Copper prices reversed earlier gains to fall almost 1 percent on Friday, after data showed the US economy shed 131,000 jobs in July, roughly double the losses economists had expected. Benchmark copper on the London Metal Exchange closed at $7,370 a tonne from $7,400 a tonne at Thursday's close. The metal used in power and construction hit a low at $7,335.
US employment fell for a second straight month in July as more temporary census jobs ended, while private hiring rose less than expected, pointing to an anaemic economic recovery.
"The run-up that we have seen in prices over the past couple of weeks has been very much based on improved perceptions for the economic outlook," said Gayle Berry, analyst at Barclays Capital. "So it was always going to be vulnerable to any setbacks in the macro data flow - today illustrates that." Earlier this week, copper breached $7,500 a tonne to hit levels last seen late in April. Also in the spotlight is news that Chile's Codelco, the world's largest copper producer, expects China's copper demand to grow at 8 percent this year from last year, and at a similar pace next year.
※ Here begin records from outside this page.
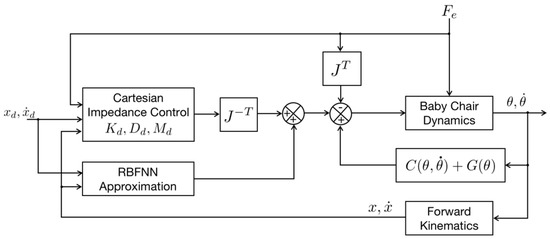 In this paper, based on a literature survey [30,31] and market research where we collect consumers’ opinions through questionnaires and interviews, we hope to open up new growth space for baby chair designs and meet the diverse needs of children and parents. For this aim, we redesign the shape and structure of the baby chair to improve its attractiveness and functionality so that it can be used in various scenes for different purposes. Firstly, we improve the structure design of children’s dining chairs so that they can be used not only in dining but also in other scenes for other purposes. Concretely, the designed baby chair has more usage modes than the dining chair, including a baby chair mode, reclining chair mode, and storage mode. Secondly, we combine more functions to make the baby chair multifunctional. The designed baby chair is combined with artificial intelligence to enrich the design of products and to meet the psychological and emotional needs of children and parents, enriching the sense of experience. This multifunctionality makes our baby chair more novel and user-friendly than other best-selling products. Moreover, we augment the intelligent functionality of the baby chair by implementing a robotic control of the designed product for a better user experience. Although manual posture adjustment of the chair could be performed through buttons, accuracy, safety and stability cannot be ensured, especially in the presence of children, due to different body sizes and weights, and due to the uncontrollable and unpredictable movement of children. For this reason, we adopt a neural approximation-enhanced Cartesian impedance controller to guarantee control safety and to adapt to various unpredictable and uncertain situations. Finally, we verify its feasibility in terms of control smoothness and control accuracy through a simulation of a periodic trajectory tracking task. The contributions of this paper are listed as follows:
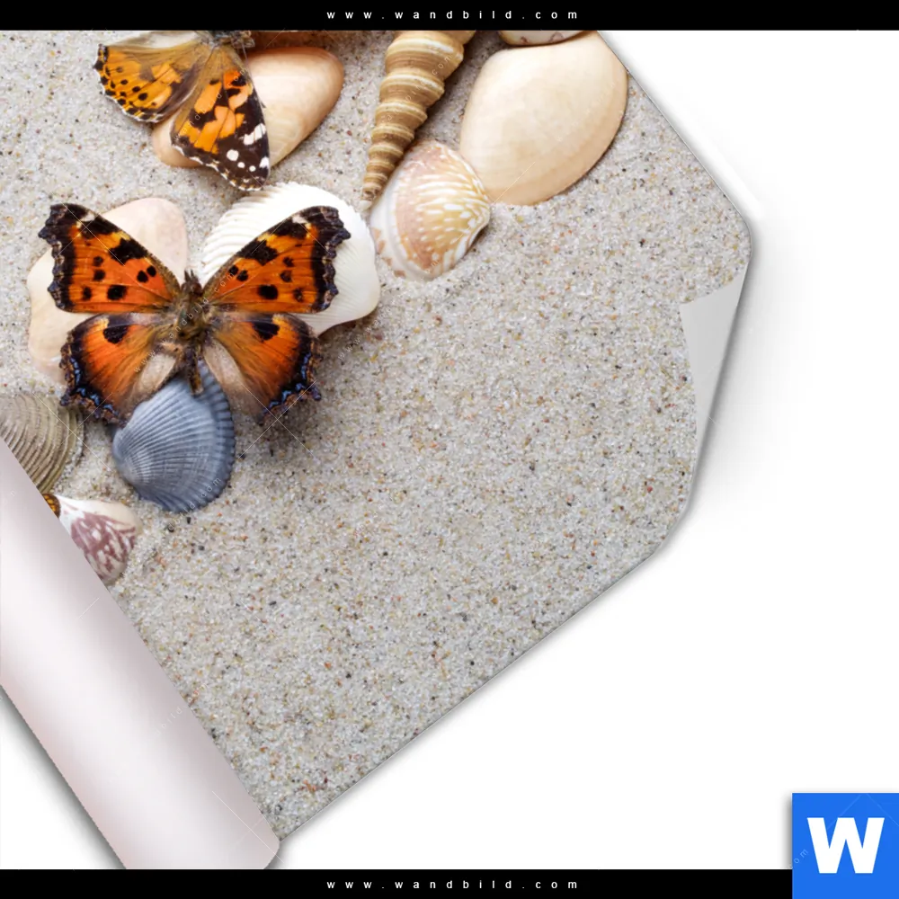 Poster | Schmetterlinge & Muscheln im Sand | Quadrat
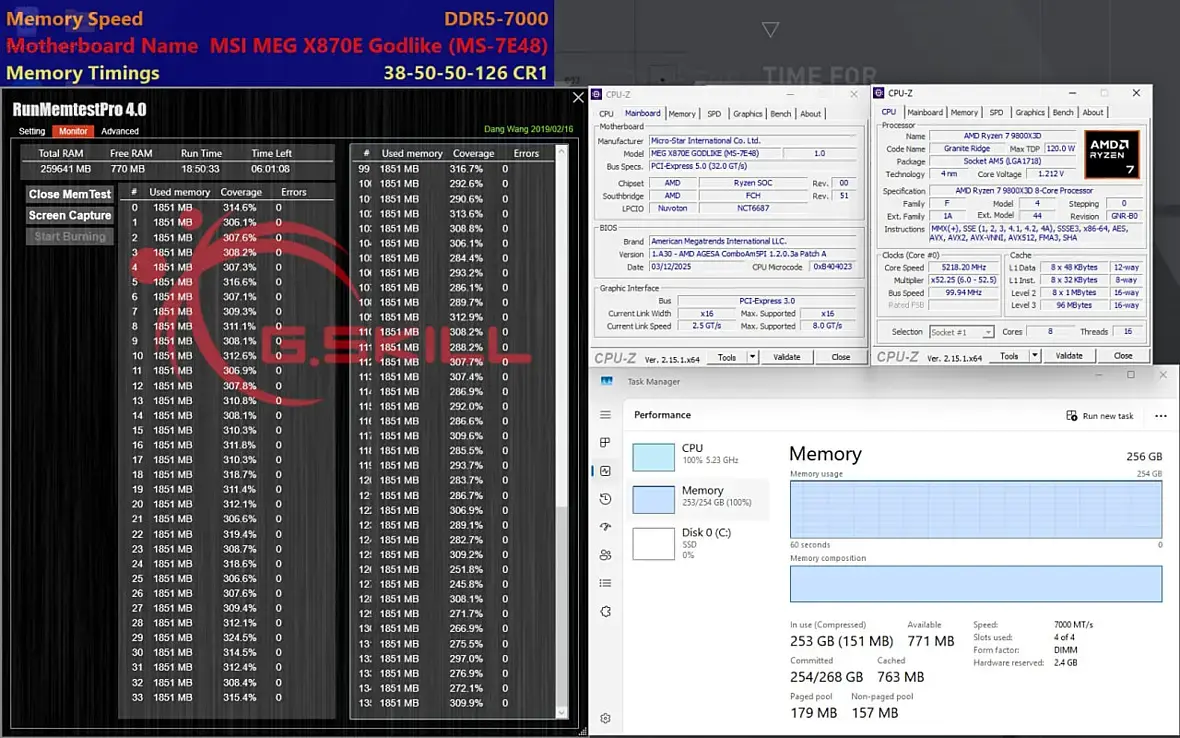 256GB UDIMM на 7000Mhz/CL38 (9800X3D / X870E Godlike) :
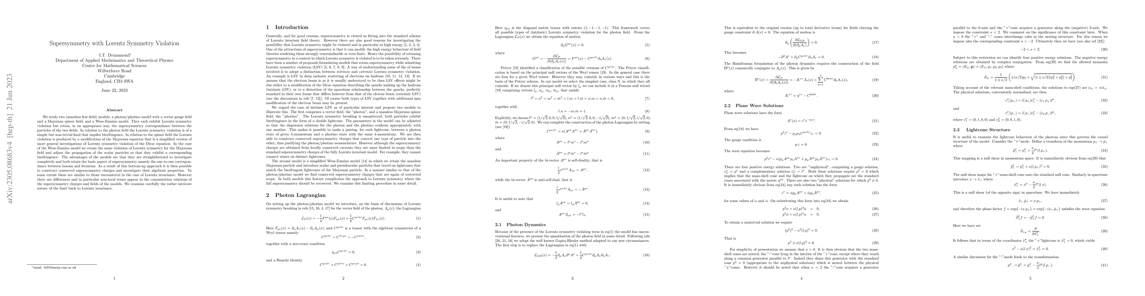 This paper investigates two models with Lorentz symmetry violation while maintaining supersymmetry: a photon/photino model and a Wess-Zumino model. Both models exhibit unique forms of Lorentz violation, including birefringence, while preserving the correspondence between bosons and fermions. The study reveals non-local terms in the commutation relations and explores the transition to Lorentz invariance.
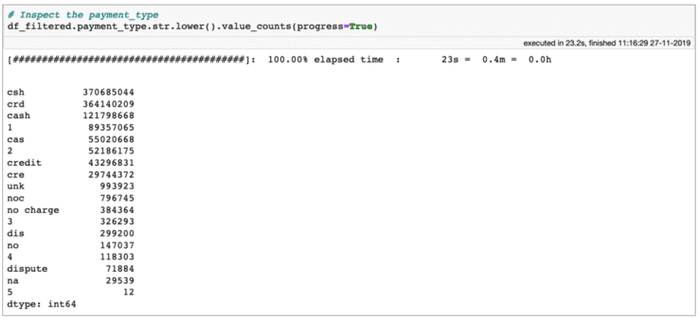 在我们的旅程结束之前,让我们再停一站,调查一下乘客如何支付乘车费用。数据集包含付款类型列,因此让我们看看它包含的值:
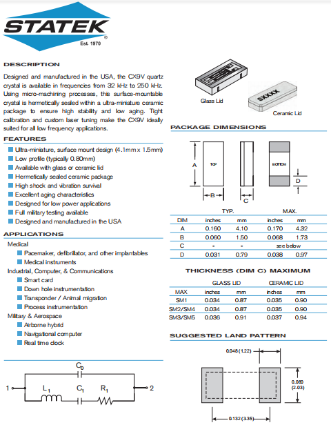 STATEK晶振 | 單位 | CX9VSM晶振 | 石英晶振基本條件 |
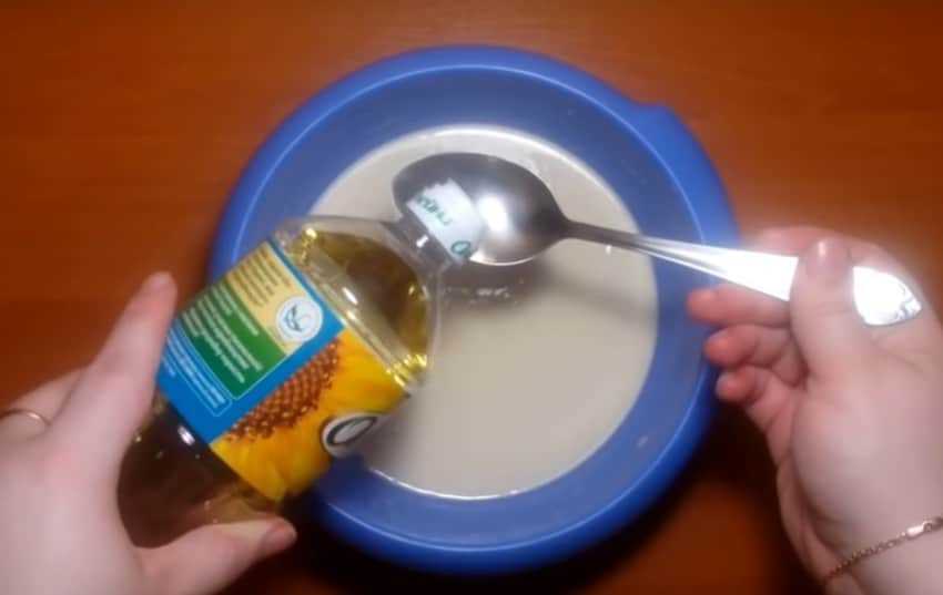 5. Все хорошо вбиваем. Можно использовать электрический венчик или миксер. Затем добавляю рафиринованное растительное масло, оно без запаха, перемешиваю, и даю ему отдохнуть на столе 20 минут.

China accounts for more than 30 percent of global copper consumption, estimated this year at around 19 million tonnes. "I don't think anybody thinks the slowdown in China is going to last for too long," said Dan Smith, analyst at Standard Chartered. "We've had a good run up, it wouldn't surprise me to see some consolidation after those gains."
Copper prices are up about 13 percent this quarter, when fears of sovereign default in the euro zone because of the debt crisis started to recede. Aluminium stocks also continued their descent. They stand at about 4.4 million tonnes from a record above 4.6 million tonnes in January. The metal used in transport and packaging has been bolstered by financing deals, which are said to have tied up about 70 percent of LME stocks.
Three-month aluminium was untraded at the close but last bid at $2,190 a tonne from $2,203 on Thursday and zinc, used to galvanise steel, ended at $2,129 from $2,097. Zinc earlier hit a $2,143, its highest since May 14.
Zinc cancelled warrants - material earmarked to leave LME warehouses - stood at more than 10 percent of total zinc stocks on Thursday compared with a level around 3 percent previously. Most of those cancelled warrants are in New Orleans and some traders think the material could be heading for Europe where premiums for physical have risen about 5 percent so far this quarter.
Stainless steel ingredient nickel touched $22,280 a tonne, its highest since May 24. It closed at $22,075 a tonne from $21,860 on Thursday. News that miner Lonmin Plc had been ordered by the South African government to stop selling nickel, copper and other offshoots of its platinum production due to a dispute over the prospecting rights helped push up prices, traders said. Tin was untraded but last bid at $20,725 a tonne from $20,475 and battery material lead ended at $2,165 from $2,185. Used in electrical solder, tin earlier touched a fresh two year high at $20,900.